On Monday the S&P 500 produced its biggest gain since last summer. On Tuesday it gave back a chunk of those gains. Two steps forward, one step back.
There is nothing wrong with a minor step back following such a large up-day. The key is hanging on to what’s left. Stay above 3,850 and everything is fine. Falling under 3,800 so soon after bouncing off this key support level tells us there is a serious demand problem and the selling is only just getting started.
This bull market deserves the benefit of doubt because it hasn’t let us down yet. Until we experience a more material breakdown, expect every dip to bounce within days, if not hours. If this market was fragile and overbought, it would have collapsed a long time ago. (Pro-tip for all the cynics out there, weak fragile don’t keep setting record highs.)

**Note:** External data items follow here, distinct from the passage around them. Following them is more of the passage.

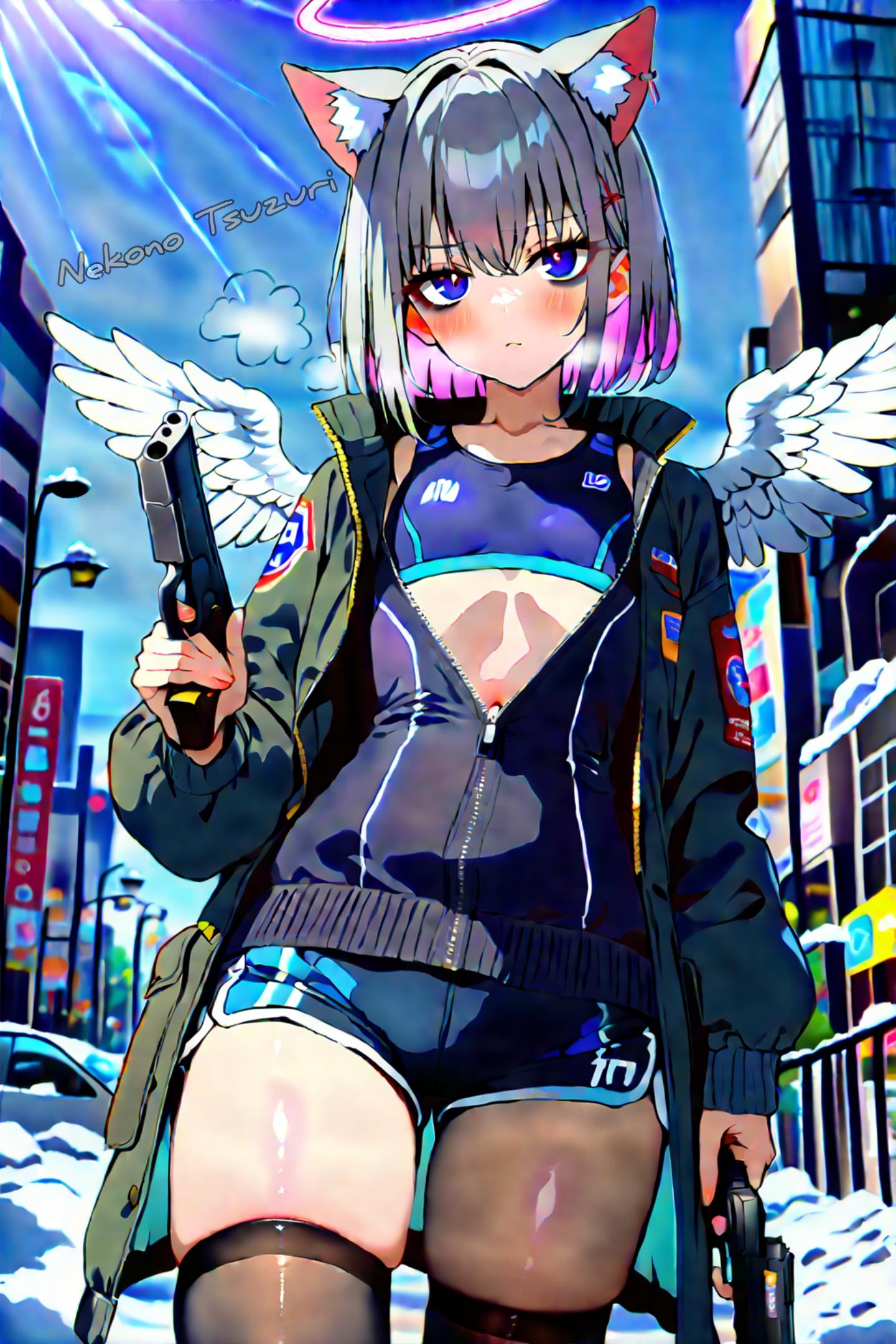 雪の街をパトロールする猫耳天使 ルドナエル 【CosmosOrder】
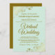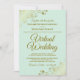 Ce n'est pas parce que vous avez été forcé de déplacer votre mariage vers une cérémonie virtuelle que vous ne pouvez pas envoyer de belles invitations. Cet élégant invitation présente des lettres en or fantaisie sur un arrière - plan vert menthe pâle de couleur néonatale avec un fil de lin floral dentelle ou des boucles et tourbillons dans les coins. Un moyen parfait d'invitation vos amis et votre famille pour partager votre journée spéciale, même s'ils ne peuvent pas être là en personne.
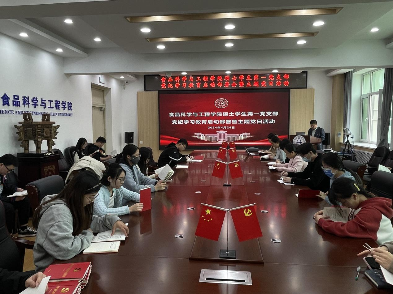 硕士学生第一党支部于4月24日在食品楼312会议室举行了党纪学习教育启动部署会暨4月主题党日活动。支部全体党员参加,会议由支部书记宫景玉主持。
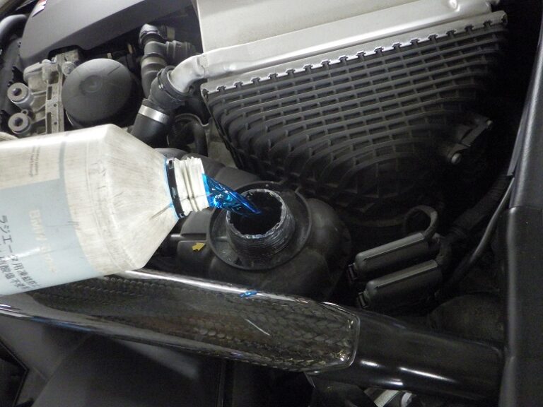 裏も表も綺麗に洗います。同時に車検毎に交換を推奨しておりますクーラントとブレーキフルードは、
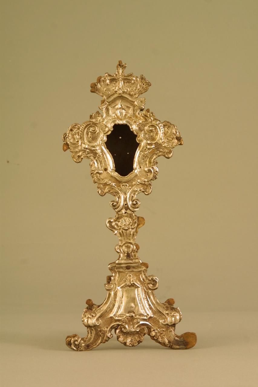 Il reliquiario a ostensorio si presenta con piedi a voluta raccordati da motivo a conchiglia, base triangolare con specchiatura mistilinea, fusto a lampione centrato da conchiglia e ricettacolo privo di reliquia. Quest’ultimo è caratterizzato da mostra mistilinea sagomata con volute, ornati fogliacei e rocaille su fondo puntinato. Il timpano curvilineo è sormontato da crocetta tra fogliame.
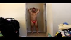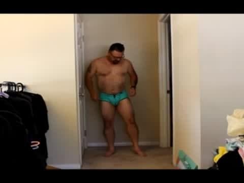 Este homem vai gostar de nos mostrar toda a sua roupa interior. Ele o coloca e tira, revelando seu pênis nessa cena amadora.
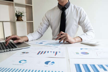 Business People Meeting to analyse and discuss and brainstorming the financial report chart data in office Financial advisor teamwork and accounting concept.
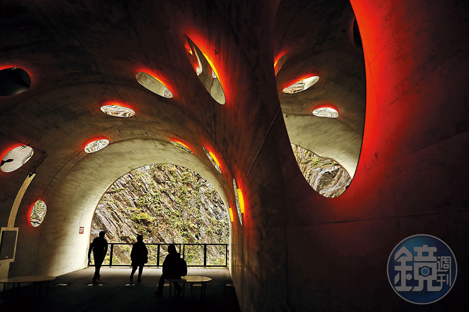 馬岩松在原本幽暗的隧道中加入五色燈光,用顏色區分各區域的功能特性,在燈光引導下,感覺很快便來到第一個「見晴所」,日語的「見晴」是視野遼闊的意思,岩壁的柱狀節理正好鑲嵌在出口,宛如一幅山水畫。
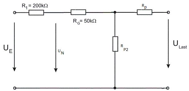 Vergiss das Bild iOP3. Du musst den Innenwiderstand nicht wirklich wissen. Dein Verstärker hat in deiner Anwendung genügend Verstärkunsgreserve um intern soviel Extraspannung zu erzeugen, dass am Ausgang exakt die gewünschte Spannung erscheint. Verstärkungsreserve = Verstärkung_ohne_Gegekopplung/außen_eingestellte_Verstärkung Die Verstärkung ohne Gegenkopplung liegt bei ca. 10000 bis 1000000 für Gleichspannung. Allerdings nimmt die linear mit der Frequenz schon ab wenigen Hz ab.

But enough about the indexes. One of the most noteworthy stock performances of the day came from ZM. It announced blowout quarterly results Monday after the close and the stock popped Tuesday morning. Unfortunately, that was as good as it got. Within hours, that impressive 8% opening gain turned into a dreadful -9% closing loss. That’s a 17% swing from the highs to the lows.
There are few things in the stock market that look worse than this. In fact, I cannot think of anything worse than such an epic midday collapse. Rather than cheer the news, most owners did their best impersonation of rats abandoning a sinking ship.
A stock that cannot go up on good news is in desperate shape and destined to keep going lower. ZM is a strong short as long as it remains below $400.